You’d think quality of data and analysis would carry the day. But sales is at least as important because customer spend, taken as a whole, tends not to stick as well as you’d think. This is not a sleepy business whose subscribers unflinchingly auto-renew year after year. For every $100 of contract value that Gartner secures today, $18 will churn off by year end. Some of that is offset by price ($3). But getting back to even and growing from there is chiefly a function of selling more products to existing clients ($19) and onboarding new ones ($8), both of which require putting ever more feet on the street and graduating new salespeople up to mature levels of productivity over several years.
Source: Gartner at William Blair (June 2024)
Eighteen percent gross dollar churn is an aggregate figure that reflects lower retention among SME’s, which make up ~25% of contract value (including small tech vendors, accounting for ~5%-6% of total CV, who only retain in the low/mid-70s), and 90%+ retention among top quintile customers. Even so, that Gartner has managed to grow contract value by double-digits nearly every year over two decades while starting each CV anniversary ~18% in the hole is testament not to the inherent retentive properties of subscription research but to the effectiveness of its sales organization.
For most of the last fifteen years, Gartner deliberately managed EBITDA margins to the high-teens.

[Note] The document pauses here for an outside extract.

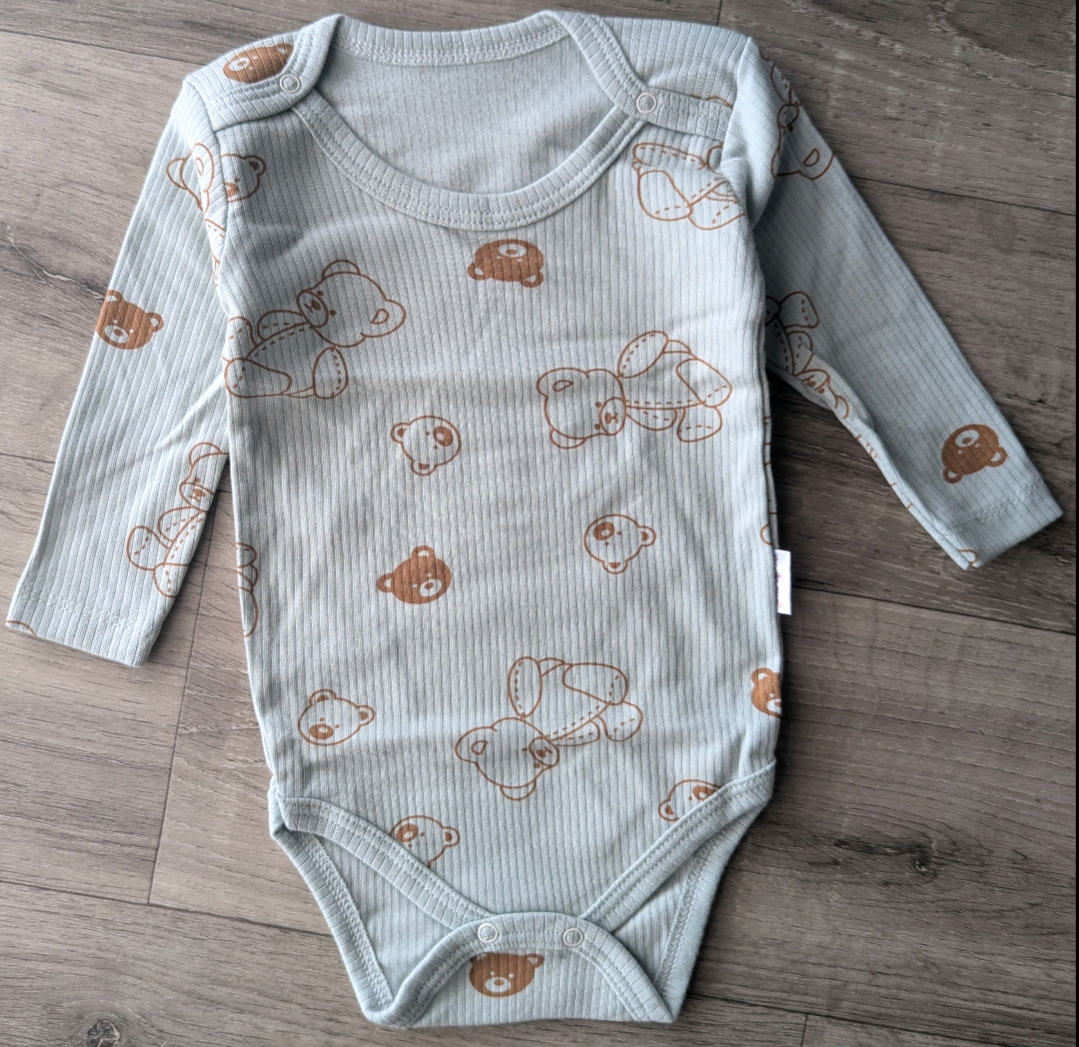 Боди Nayinom "Мишка" зелёный, мальчик 0-3-6-9 месяцев оптом уп. - 4 шт.

It could have done better by curbing headcount additions, which would have mixed the salesforce toward more mature and productive contributors. Instead, the company chose growth and expanded its reps by around the same mid-teens rate as its contract value. With capex running at a miniscule 2% of revenue and clients paying for subscriptions ahead of consumption, around 70% to 90% of EBITDA dropped down to free cash flow most years.

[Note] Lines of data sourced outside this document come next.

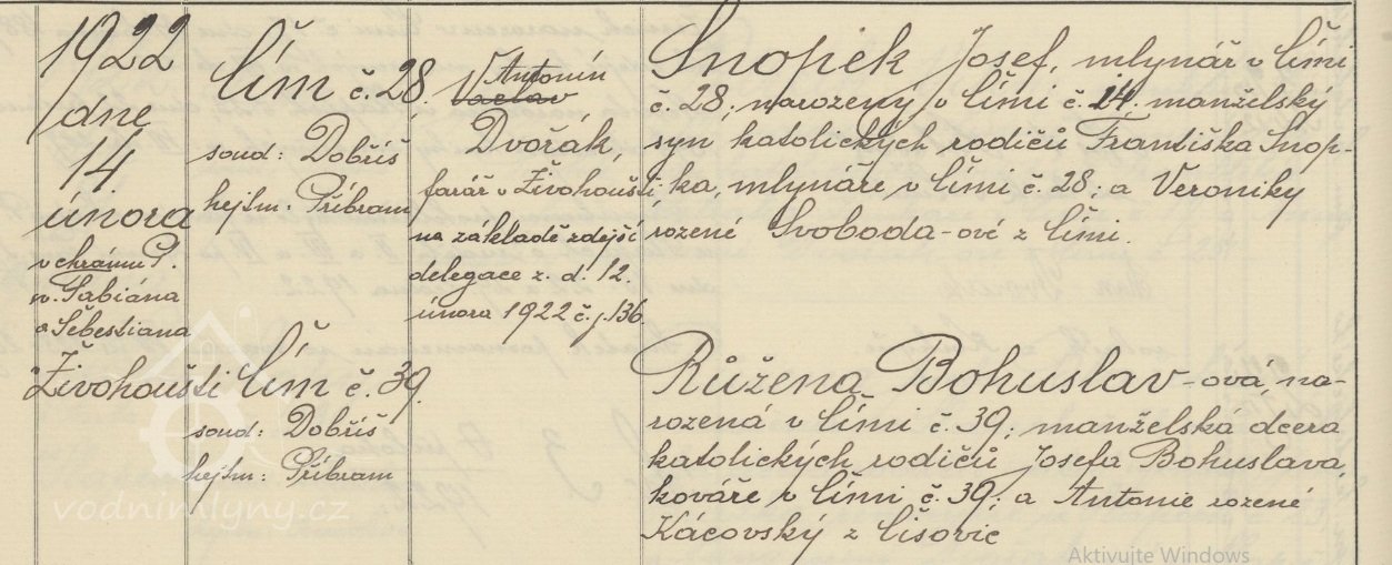 V r. 1930 je psán majitel mlýna Josef Snopek (RR).
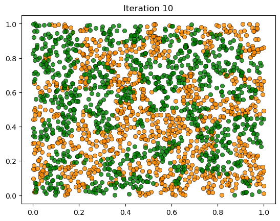 locations, iteration, key = simulation_loop(locations, types, key, params, max_iter)
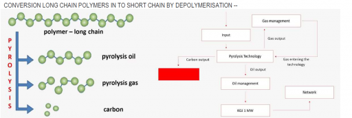 When the raw material is heated above the thermal stability of the present organic substances found in the raw material, there is a cleavage of the macromolecular matrix to a stable low molecular weight liquid and gaseous products, as well as a solid residue. Burning does not occur, as it would during the incineration of waste, meaning that depolymerization technology does not produce harmful emissions and has no negative impact on the environment.

Profitability dipped from 2017 to 2019 as Gartner invested upfront in advisors and sales to support new GBS products following the CEB acquisition (Gartner for HR Leaders, Gartner for Finance Leaders), then rebounded to new highs as some of the cost savings from the COVID years stuck around. Management guided for profitability to remain structurally higher as it re-tuned the growth algorithm such that, over the “medium term”, contract value growth across both GBS and GTS of 12% to 16% would outpace quota-bearing headcount growth of 8% to 12%, with the difference between the two plugged by price hikes.

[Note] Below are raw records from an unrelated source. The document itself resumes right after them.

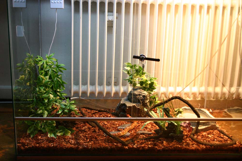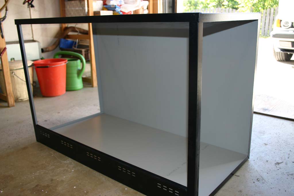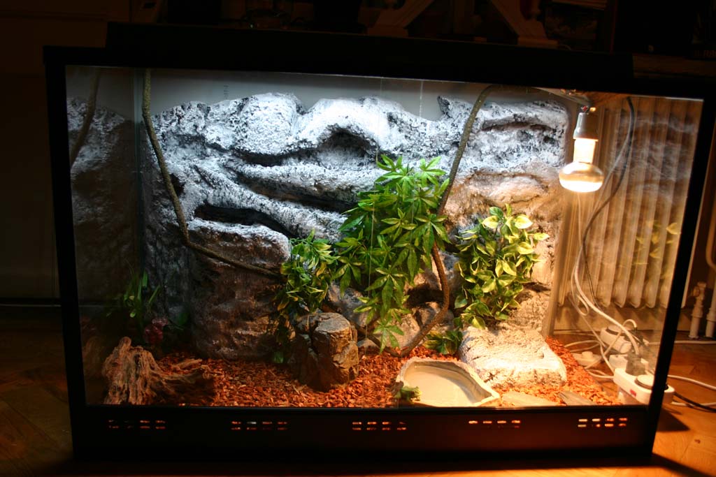 Det nya terrariet, det är på 325L (100x65x50cm) och är gjort av metall/glas. Säljs utav ReptilCenter (Länk)
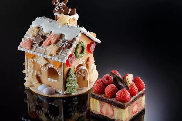 シェラトン都ホテル大阪のクリスマスケーキ、"クッキーのお菓子の家"や"大粒いちごケーキ"
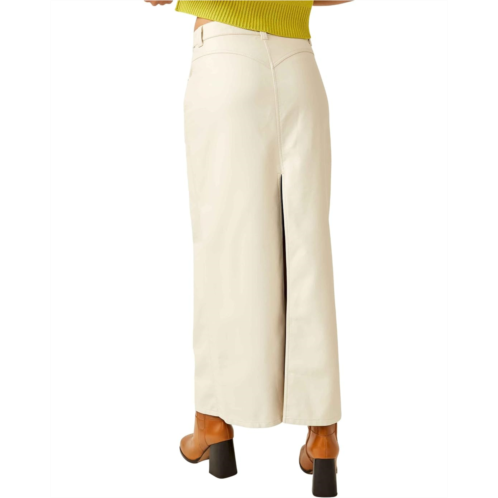 The Free People City Slicker Maxi skirt is a stylish and versatile piece that combines comfort with statement-making fashion. With its high-rise design, it sits comfortably at the natural waistline, creating a flattering fit for various body types. The relaxed silhouette of the skirt allows for ease of movement and a laid-back, effortless look.
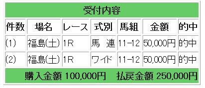 上記2頭のワンツー決着となり、馬連3.5倍的中、ワイド1.5倍的中で25万円のお払い戻しとなりました。
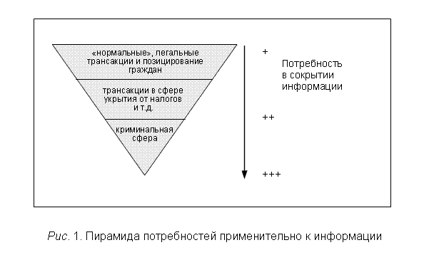 Бесспорно наличие аксиоматической отрицательной зависимости между количеством информации и качеством ее поиска - чем больше объем информации, тем сложнее найти достоверные данные. Количество требуемой информации для борьбы с преступностью и отмыванием денег находится в прямой взаимозависимости с нарушением частной сферы. Чем больше общественная потребность в информации, тем более контролирующие органы вынуждены вмешиваться в личную сферу граждан.

But just as the worst of COVID passed and Gartner regained its footing, the output of headcount growth, productivity gains, and pricing no longer appeared as assured or predictable. As 2022 progressed, Net Contract Value Increase (the dollar change in the contract value of subscription-related research products) declined dramatically:
CV growth decelerated from 17% to 5% in just over three years, with the slowdown more pronounced in GTS:
Insights revenue growth depleted in turn, from 16% y/y growth in 1q22 to just 4% in 2q25:
Gartner’s stock, which had been perched at ~40x earnings at its peak just 2-3 years ago, has collapsed to 22x trailing earnings today.